1. torch.utils.data.Dataset
datasets這是一個pytorch定義的dataset的源碼集合。下面是一個自定義Datasets的基本框架,初始化放在__init__()中,其中__getitem__()和__len__()兩個方法是必須重寫的。
__getitem__()返回訓練數據,如圖片和label,而__len__()返回數據長度。
class CustomDataset(data.Dataset):#需要繼承data.Dataset
def __init__(self):
# TODO
# 1. Initialize file path or list of file names.
pass
def __getitem__(self, index):
# TODO
# 1. Read one data from file (e.g. using numpy.fromfile, PIL.Image.open).

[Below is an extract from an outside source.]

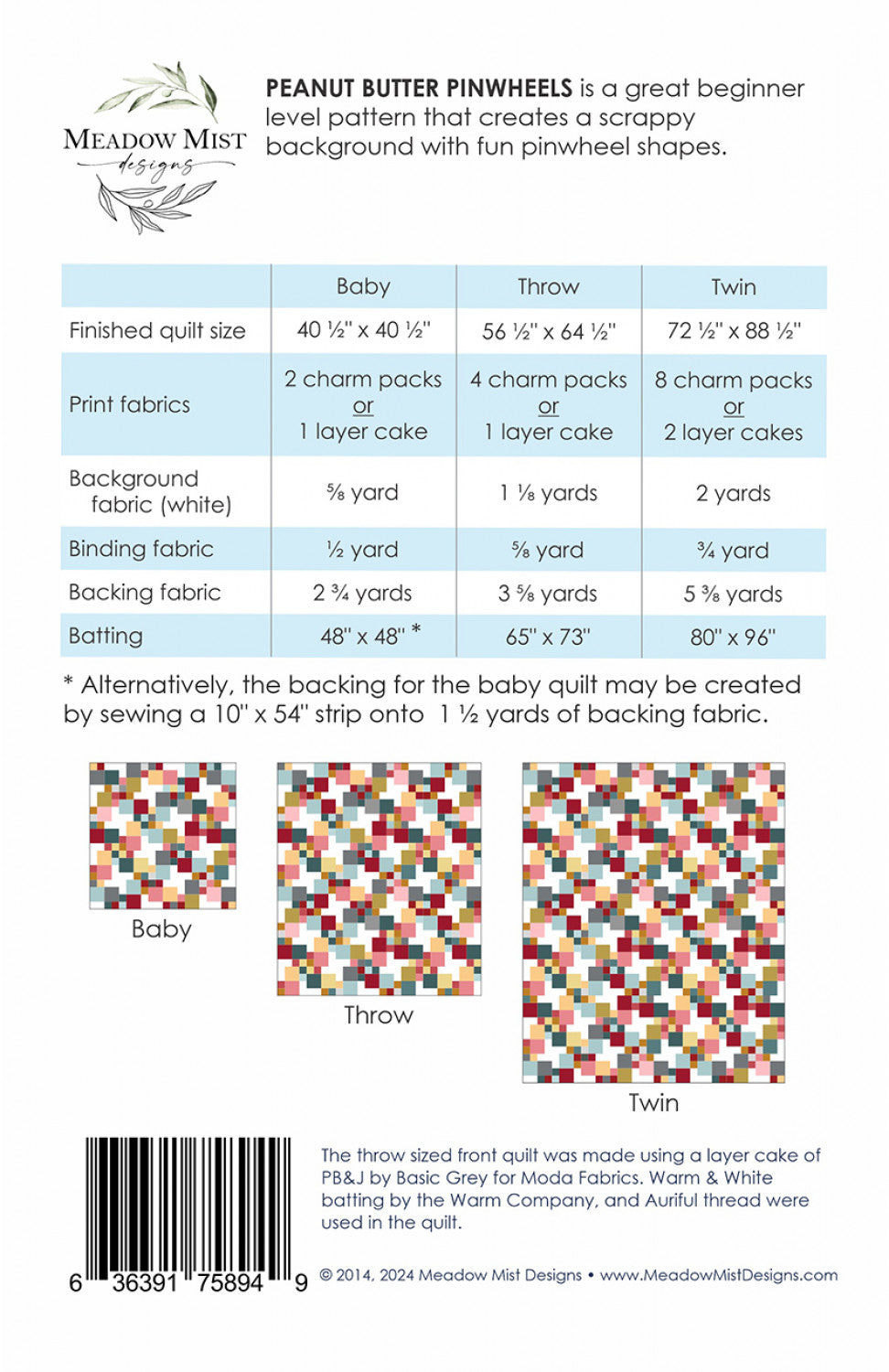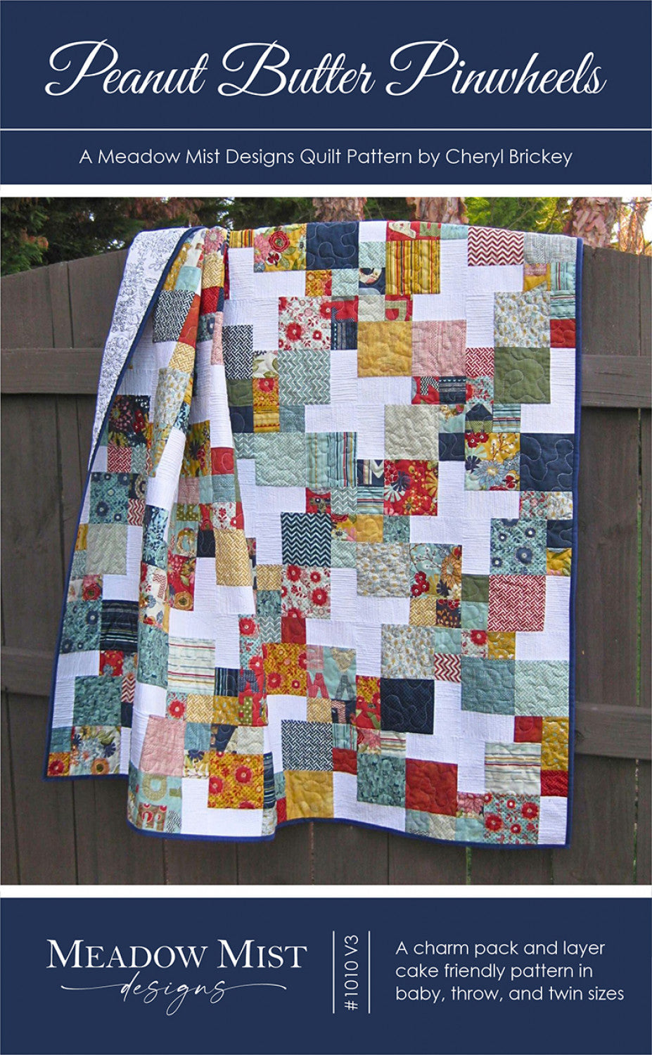 Peanut Butter Pinwheels is a fun and easy charm pack and layer cake friendly pattern. When the quilt top is sewn together a secondary design of pinwheels appears. The quilt pattern includes instructions for baby, lap, and twin sizes.

# 2. Preprocess the data (e.g. torchvision.Transform).
# 3. Return a data pair (e.g. image and label).
#這里需要注意的是,第一步:read one data,是一個data
pass
def __len__(self):
# You should change 0 to the total size of your dataset.
return 0
2. torch.utils.data.DataLoader
DataLoader(object)
可用參數:
dataset(Dataset)
傳入的數據集
batch_size(int, optional)
每個batch有多少個樣本
shuffle(bool, optional)
在每個epoch開始的時候,對數據進行重新排序
sampler(Sampler, optional)
自定義從數據集中取樣本的策略,如果指定這個參數,那么shuffle必須為False
batch_sampler(Sampler, optional)
與sampler類似,但是一次只返回一個batch的indices(索引),需要注意的是,一旦指定了這個參數,那么batch_size,shuffle,sampler,drop_last就不能再制定了(互斥——Mutually exclusive)
num_workers (int, optional)
這個參數決定了有幾個進程來處理data loading。0意味著所有的數據都會被load進主進程。(默認為0)
collate_fn (callable, optional)
將一個list的sample組成一個mini-batch的函數
pin_memory (bool, optional)
如果設置為True,那么data loader將會在返回它們之前,將tensors拷貝到CUDA中的固定內存(CUDA pinned memory)中.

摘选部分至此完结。